Par The value of the bond
What is this amount the organization (bond issuer) pays you when the bond matures. It is the loan principal. In India, a corporate bond’s par value is usually Rs 1,000.
When you buy bond, the business will payout interest regularly until you exit the corporate bond or until the bond matures. This is referred to as the coupon of a certain percent of the par value.
The annual yield you get from the bond are referred to”the current yield. For example, if coupon rate for one bond of Rs.1,000 per cent, the issuer is paying Rs 200 as the interest per year.
Yield To Maturity (YTM)
This is the rate in-house of return for all cash-flows that flow through the bond including the current bond rate and coupon payments, up to maturity and the principal. The higher the YTM, higher will be your returns and vice versa.
If you hold your corporate bond fund for less than three years, you are required to pay short-term capital gains tax (STCG) depending on your tax bracket. However, Section 112 of the Indian Income Tax mandates 20% tax on long-term capital gains. This applies to those who have the bond for more than three years.
Exposure & allocation
Corporate bond funds, sometimes, do take small exposures to securities issued by government agencies as well. But they do so only when there are no opportunities suitable in the credit space are available. On average corporate bond funds be able to have a 5.22 percentage of allocation to fixed income of sovereigns.
Risk factors & returns
There is always the chance of bond issuers failing to meet their obligations. This default risk is higher for securities with lower ratings, and will go to an exponential rate with increasing maturities. If your fund manager invests in highly rated companies, expect an average return of range of 8%-10%. In this case, the risk is also minimal. On the other hand, if you invest in a low-rated, but managed well, you could reap the rewards. For instance, many companies are known to offer slightly higher coupon rates to attract investors. But, there’s possibility for the manager of the fund to choice regarding a company’s performance is not the best. Therefore, if a business defaults on interest payments or principal repayment , or is downgraded even more, it’s a blow to investors.

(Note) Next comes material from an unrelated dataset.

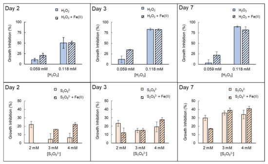 Additionally, it would also involve the precipitation of iron hydroxides. In this regard, occasional measurements of dissolved iron were performed, which decreased up to 0.33–0.42 mg Fe/L within the first 24 h. It might entail heterogeneous Fenton-like reactions in the bulk to some extent and especially in the case of H2O2 [22]. On the other hand, an extracellular iron reduction from Fe(III) to Fe(II) could also occur facilitated by a specific outer membrane transporter on the cell surface or siderophore or other DOM-mediated mechanisms in the cultures [44,45,46], which could maintain the residual levels of dissolved Fe detected. These possible pathways were perhaps responsible for the enhanced growth inhibition at longer exposure times, specially for S2O82− (Figure 3).
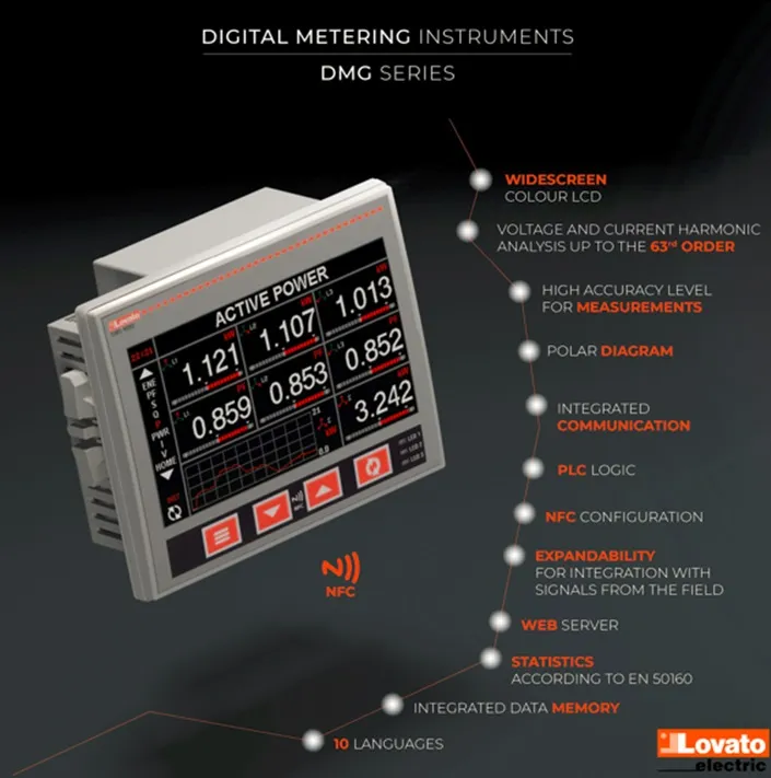 La nueva generación de analizadores de redes DMG, en combinación con el sistema EASY-BRANCH, es el resultado de un largo esfuerzo de investigación llevado a cabo por LOVATO Electric para facilitar el trabajo del usuario final y hacer que el proceso de gestión de la energía sea más eficiente, moderno y tecnológico. El resultado es un sistema innovador a la vanguardia de la tecnología moderna, una auténtica revolución en el campo de la monitorización energética.

How do corporate bonds make returns?
There is a debt market where several bonds are traded. This market is where the price of various bonds can increase or fall, as they do in the stock market. For instance when a mutual fund purchases a bond, and its price rises. In the end, it could earn an additional amount of money above and beyond what it would have made from the interest earnings on its own. But, it might also turn around.

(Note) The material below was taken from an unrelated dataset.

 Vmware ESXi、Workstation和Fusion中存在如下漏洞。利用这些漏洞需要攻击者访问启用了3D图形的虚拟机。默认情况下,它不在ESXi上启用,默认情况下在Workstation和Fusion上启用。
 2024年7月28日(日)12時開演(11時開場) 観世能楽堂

Funds for corporate bonds of various types
The general rule is that there are two kinds of corporate bond funds.
- Type One:Type one corporate bond are issued to high-rated companies, private sector (PSU) firms and banks.

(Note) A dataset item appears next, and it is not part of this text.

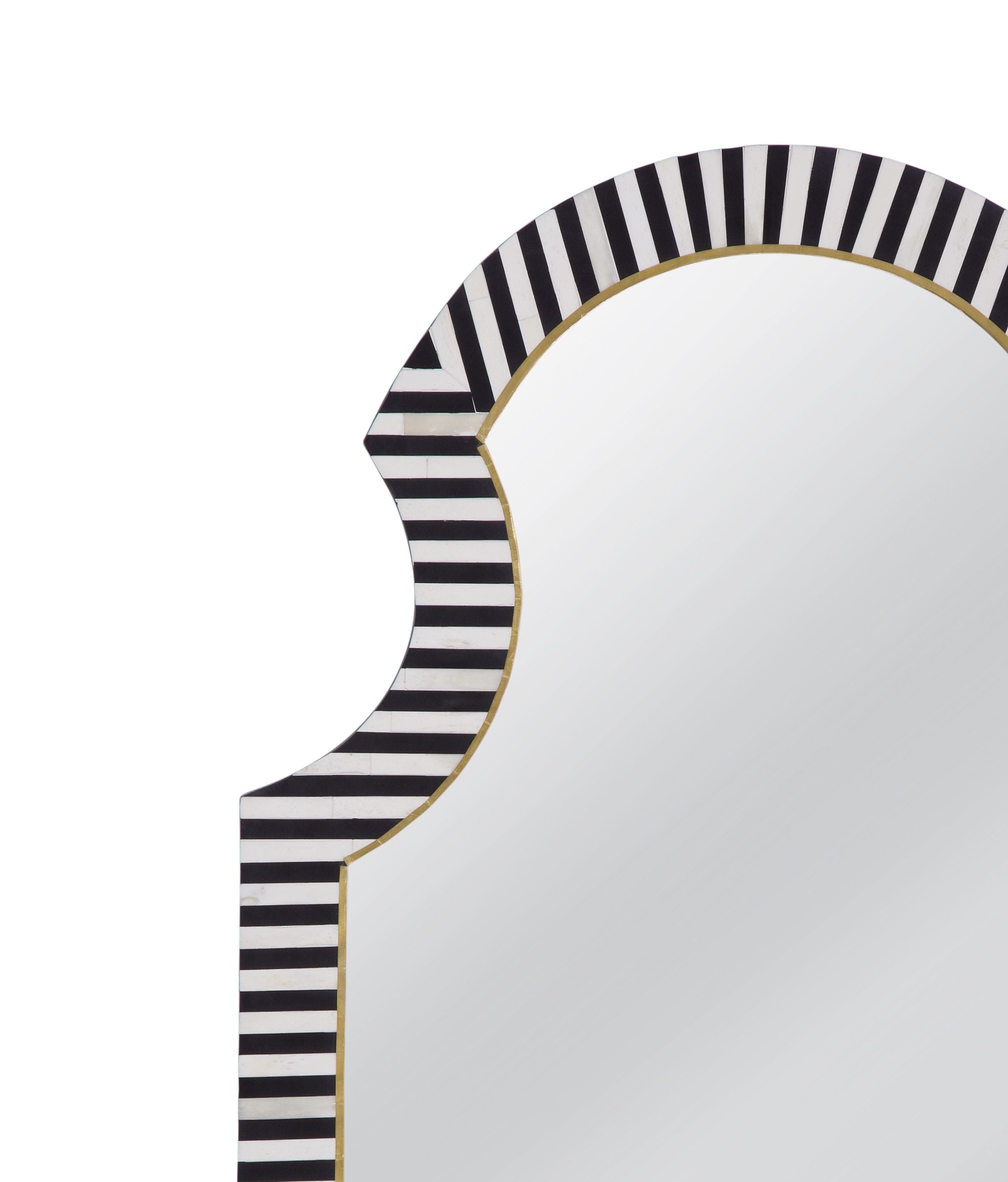 The Martens Wall Mirror showcases a modern boho aesthetic with its captivating arched design and elegant black and cream bone frame. This eye-catching piece adds a touch of sophistication and charm to any space, effortlessly blending contemporary style with timeless appeal. Crafted with meticulous attention to detail, it serves as a versatile accent that enhances the ambiance of your home decor.

- Typ TwoType Two corporate bonds have a lower rating and are used to invest in companies like ‘AA-‘ and below. Let’s look at a straightforward example to help us understand this. Suppose, you have a CRISIL “A” rating bond that has a one-year residual maturity has an 0.56 percent chance of default and a CRISIL “A” rating bond that has a 3-year residual maturity has a 4.79% chance of defaulting. Most corporate bond funds will allocate at least half of their portfolio to bonds that have AA ranks or lower. This means that there’s always the risk of some or the other bond in the portfolio defaulting which could result in a reduction of returns to the portfolio.